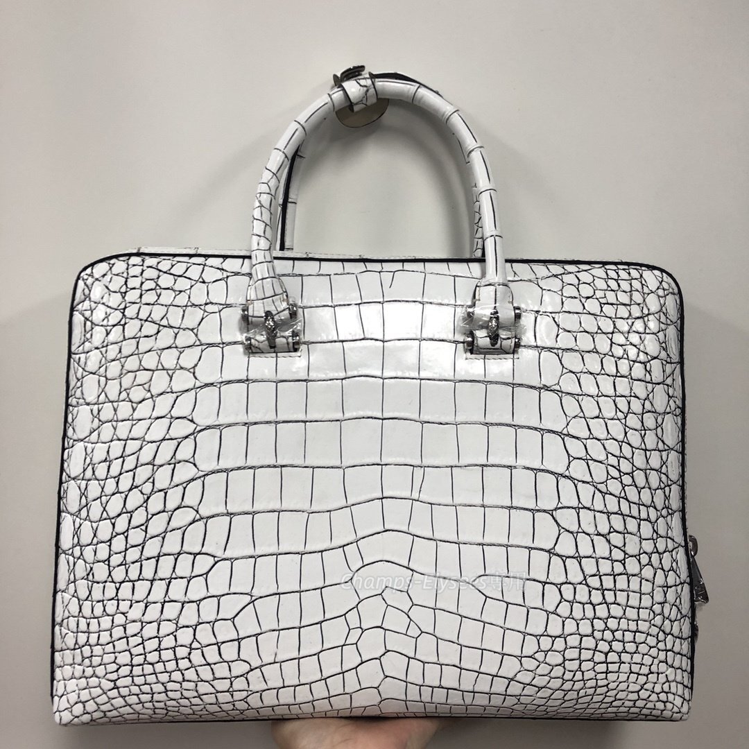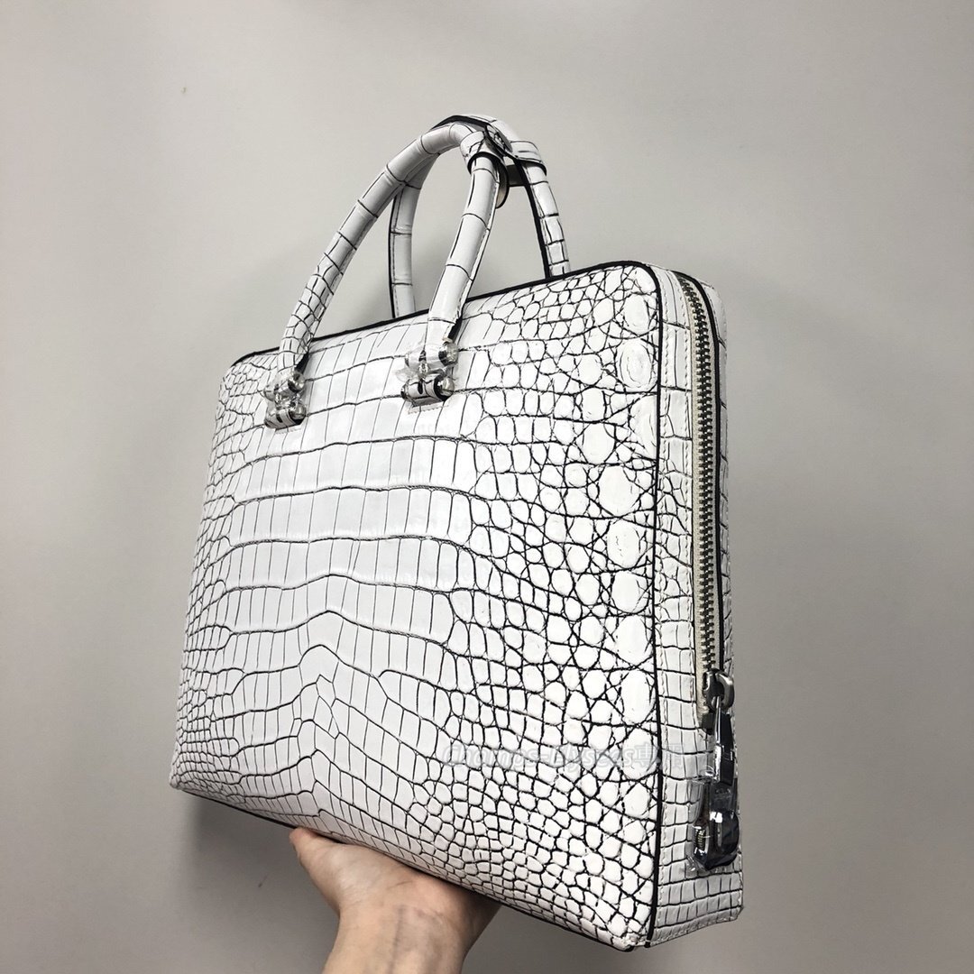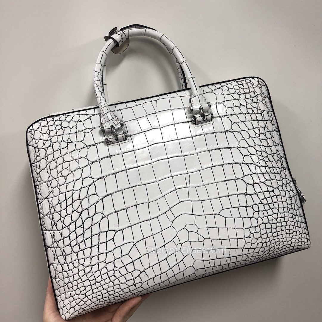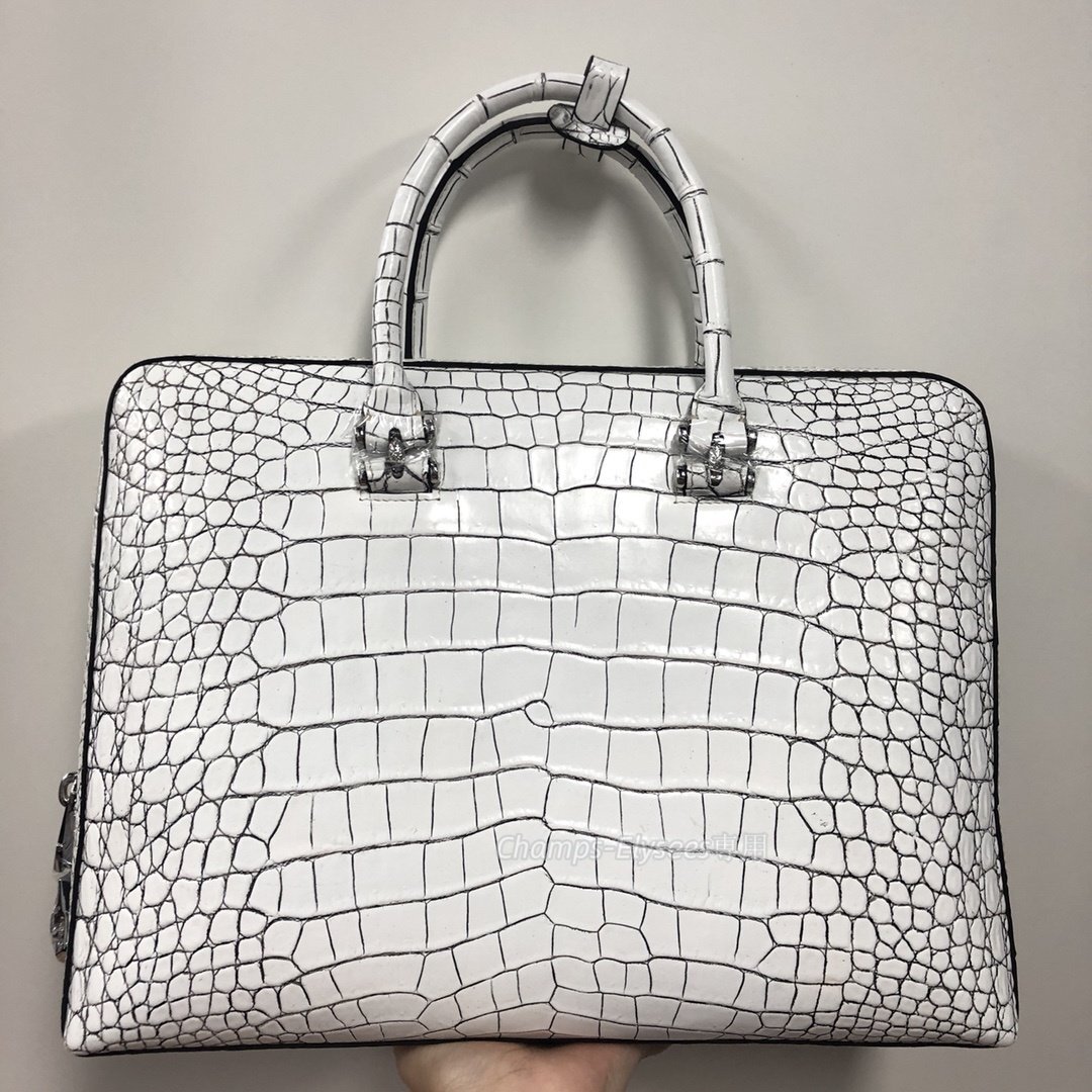上品なビジネスバッグ 紳士バッグ 本物鰐革 クロコダイルレザー 高級レザー メンズ書類バッグ ブリーフケース バニラ色
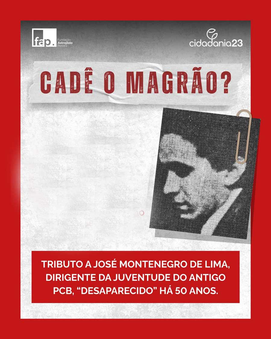 Há 50 anos, desaparecia José Montenegro de Lima que dedicou sua vida à luta pela democracia no Brasil. Militante da Juventude Comunista foi barbaramente assassinado no interior de São Paulo — seu corpo nunca foi encontrado.
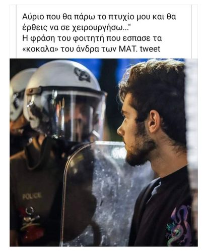 Αφορμή το εκπληκτικό βίντεο και οι φωτογραφίες του ρεπόρτερ της «Αυγής», Κώστα Παπαντωνίου, που έγιναν viral, με τον φοιτητή που κοιτάει με θάρρος στα μάτια έναν ΜΑΤαζτή.
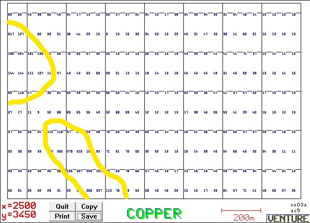 Der sinnvollste nächste Schritt ist, den Boden auf Anomalien, also ungewöhnlich hohe Metallgehalte zu untersuchen. Wir haben das auf einem Stück gemacht und siehe da - stellenweise ganz schön viel Kupfer im Boden!
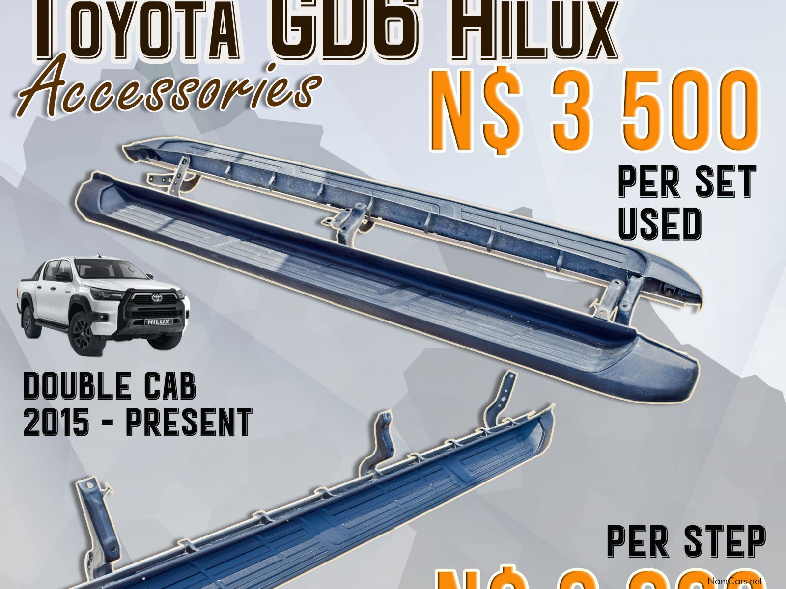 Description: GD6 Double Cab SIDE STEP | RUNNING BOARDS Available Running Board SET Used - N$ 3 500 or Running Board - N$ 3 800 EACH ???? Contact us today: ????Land Line : 083 723 3308 ???? Dries: 081 712 7706 ???? Mardien: 081 827 7844 ???? Visit us in Brakwater – Same premises as Park and Sell, next to IN+GO Storages & Namcon Logistics. ???? Quality & Affordability – Don’t Miss Out! ????
● ● ● ● ●
PROMPT →
While leaving pictures out, reproduce exactly the lines from the beginning of the listing above through the line containing "Αφορμή το εκπληκτικό βίντεο", both ends included.

RESULT OF THE TASK →
上品なビジネスバッグ 紳士バッグ 本物鰐革 クロコダイルレザー 高級レザー メンズ書類バッグ ブリーフケース バニラ色
 Há 50 anos, desaparecia José Montenegro de Lima que dedicou sua vida à luta pela democracia no Brasil. Militante da Juventude Comunista foi barbaramente assassinado no interior de São Paulo — seu corpo nunca foi encontrado.
 Αφορμή το εκπληκτικό βίντεο και οι φωτογραφίες του ρεπόρτερ της «Αυγής», Κώστα Παπαντωνίου, που έγιναν viral, με τον φοιτητή που κοιτάει με θάρρος στα μάτια έναν ΜΑΤαζτή.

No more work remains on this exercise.